Райкомовское начальство прикатило в село на телеге. Машины они оставили у дома председателя, что жил в соседней Лопуховке.
На лошадях оно как-то демократичнее. Несколько человек из окружения прибывших "демократов", принялись разгружать ящики, но только с водкой. Их поставили в тень под телегу и накрыли рогожей.
Тем временем саперы отогнали толпу людей подалее от храма и начали закладку взрывчатки под основание здания. Прихожане храма со слезами на глазах наблюдали за происходящим. Кто тихо крестился, а кто по смелее, просто громко ругал начальство и Хрущева:
-Хрущ, супостат ты хренов, гореть тебе в огне адском! - закричал куда - то в небеса, не сдерживая слез, местный костоправ Яша.- кукурузная вша, тля паразитическая для народа!
На него зашикали бабульки, испугавшись гонений на Якова. Ведь совсем недавно черные воронки по ночам увозили народишко в безвестность, куда за менее смелые речи.
- Да хватит вам в портки-то подпущать! Все отобрали аспиды, а таперича последнее ужрать хотят! Ведь, тута прадеды за нашу Родину, за нашу мать - Расеюшку крест целовали, на хранцуза топая! Отцы на германца и японца уходя, на луковки злачёные глядя, с семьями прощались! Я на фина и фрица поперси не во имя и славу ентих гнид кровососущих, а во имя и славу той же матери-Родины! И прятал я за пазухой у самого сердечка не красную книжицу, а ладанку с землицей! Да и не землица там была вовсе, а прах селян моих!

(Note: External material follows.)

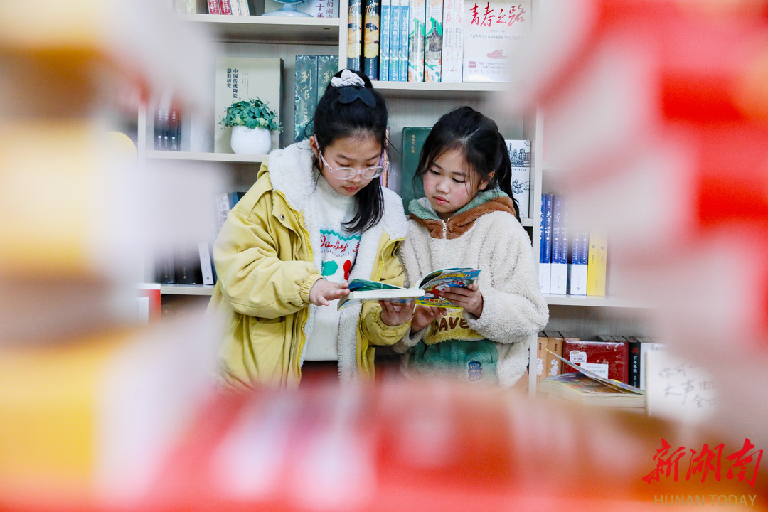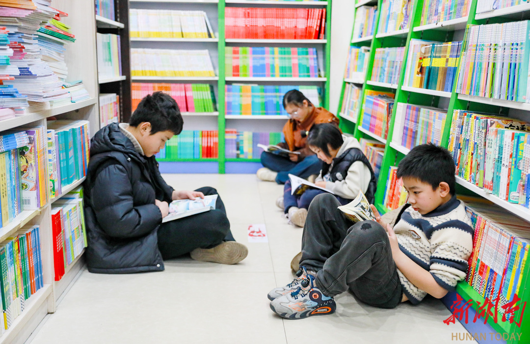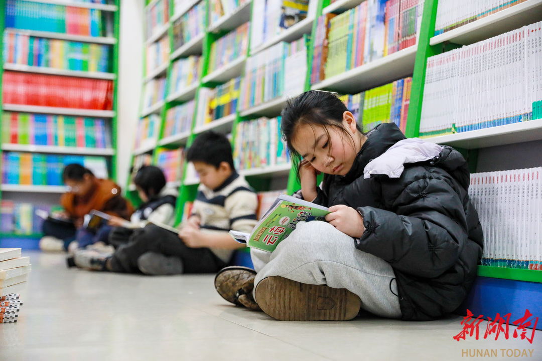 2月5日,新田县新华书店里,小朋友在阅读书籍。寒假期间,湖南省新田县众多小朋友走进新华书店、图书馆、城市书房,阅读图书,品味书香,乐享假期。刘贵雄/摄影报道

Замолчал он, а из глаз потекли две слезинки, оставляя светлую бороздку на щетинистом, давно не бритом лице. Захотел закурить. Трясущимися руками он достал из кармана круглую, жестяную баночку из-под конфет "Монпансье". Там у него была просеянная махорка-крупка да стопка нарезанной газеты для закрутки. Вдруг, схватившись за грудь, захрипел, упал на ту самую прах-земелюшку, уставившись на синее небо синими старческими глазами. Со звоном покатилась та самая коробочка из-под конфет. По ветру разлетелись нарезанные на закрутку "фантики" из газеты "Правда"...
Закрыли покойнику глаза. Мужики подняли тело деда Якова и отнесли на лавочку, что под старым тополем. Связали ремешком на груди руки. Бабка Щукина достала из сумочки белый с цветами женский платок и накрыла им лицо Якова. Кто-то побежал просить у председателя подводу, чтобы отвезти покойника к родному дому, но подводу не дали. Сказали - после "мероприятия"... Перекрестившись, утерев слезинки краешком платка, бабка Щукина тихо сказала:
-Да упокоит Господь твою душеньку, Яшенька, - тихо всхлипывая, продолжила,- сейчас тебе будут и панихидка заупокойная, и звон погребальный...

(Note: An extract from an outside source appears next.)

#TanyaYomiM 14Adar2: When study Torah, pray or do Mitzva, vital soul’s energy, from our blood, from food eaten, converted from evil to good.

Подъехала милицейская машина. Из нее вывели человека в зековской робе, здорового битюга с металлической фиксой во рту. Надо было снимать кресты. А это было очень опасно для жизни, и мало кто из людей соглашался лезть на купола. Кто из-за боязни упасть, кто из-за боязни наказания Божьего. Для таких случаев и предлагали эту мерзкую работу кому-либо из ЗК. Если он срывал кресты и оставался живой, ему убавляли срок или даже вообще даровали свободу. Для этого и привезли фиксатого. Конвойные подвели его к телеге, где он разделся по пояс. И все ахнули: огромный храм синел у него на спине. Татуировка один в один повторял форму и очертания Свято-Троицкой церкви.

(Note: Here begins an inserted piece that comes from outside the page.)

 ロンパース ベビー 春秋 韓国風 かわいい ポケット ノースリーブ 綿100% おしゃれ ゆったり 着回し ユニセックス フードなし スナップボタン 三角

Заходя в ворота храма, он лихо сплюнул сквозь зубы на ступени. Повернулся лицом к начальству и саперам, оскалился стальными зубами, крикнул:
-Учись, сыкуны, Бога в душу мать...
Он сам боялся. Да и как тут не бояться! Это тебе не в карман забраться. Навернёшься с верхотуры, костей не соберёшь...
Одно не понятно. Ведь, храм всё равно уничтожат, разрушат до основания! Зачем надо было, непременно снимать кресты - то? Это изуверство, как публичная порка, унижало и веру христианскую, и ровняло с грязью светлые чувства верующих! Известно, что когда взорвали храм Христа Спасителя, Лазарь Каганович победоносно и издевательски гаркнул: "Что!?! Задрал я тебе подол, матушка Россия!".
Может, этой бравадой они пытались сказать, что у них нет страха? Что они не боятся никакого наказания Божьего? Что Бога нет? Да боялись они, как этот заключенный! И страх этот перед будущим не давал им спокойно жить! Еще не успев умереть физически, они были мертвы духовно. Да и власть, воспитавшая этих монстров, сама превратилась в гигантского зверя, который пожрал своих же "детей", хорошенько прожарив в топке ГУЛага.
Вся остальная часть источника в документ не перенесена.